This significant mortality and morbidity risks make definitive patient selection criteria for repair of thoracic aneurysms difficult. Several authors have recommended an individual approach based on balancing the patients' calculated risk of rupture with their anticipated risk of postoperative death or paraplegia. However, in general, surgical repair is considered in patients with adequate physiologic reserve when the thoracic aneurysm measures from 5.5 to 6 cm in diameter or patients with smaller symptomatic aneurysms.

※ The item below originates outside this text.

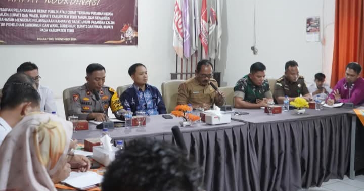 TEBO – Kaban Kesbangpol Tebo beserta OPD terkait dan bersama unsur Forkompinda Tebo menghadiri rapat pelaksanaan debat publik atau debat terbuka Putaran kedua calon bupati dan wakil bupati kabupaten Tebo tahun 2024 di aula KPUD Tebo, Senin 11 November 2024.(***)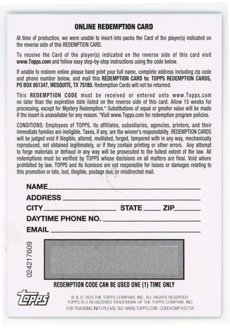 2025 Topps Now Cooper Flagg #D1 Orange Auto /25 Redemption Dallas Mavericks Rookie RC Basketball Card

Thoracic Aortic Dissection Aortic dissection can be subdivided into type A, which involves the aortic arch, and type B, which is confined to the descending aorta. Dissections associated with obstruction and ischemia can also be subdivided into an obstruction caused by an intimal tear at branch vessel orifices, or by compression of the true lumen by the pressurized false lumen. Type B aortic dissections are classified by acuity (termed as complicated or uncomplicated) and chronicity and are summarized in Table 1.

Table 1. Aortic Dissection Acuity12,13, Category Description Uncomplicated • No rupture • No malperfusion • No high risk features Complicated • Rupture • Malperfusion High risk • Refractory pain • Refractory hyperfusion • Bloody plural effusion • Aortic diameter >40 mm • Radiographic only malperfusion • Readmission • Entry tear: lesser curve location • False lumen diameter >22mm Chronicity (time elapsed since the onset of symptoms) • Hyperacute (<24 hours) • Acute (1 to 14 days) • Subacute (15 to 90 days) • Chronic (>90 days)

Treatment Type A dissections are usually treated surgically, while type B dissections are often treated medically, with surgery indicated for serious complications, such as visceral ischemia, impending rupture, intractable pain, or sudden reduction in aortic size. It has been proposed that endovascular therapy can repair the latter group of dissections by redirecting flow into the true lumen. The success of endovascular stent grafts of abdominal aortic aneurysms has created interest in applying the same technology to the aneurysms and dissections of the descending or thoracoabdominal aorta.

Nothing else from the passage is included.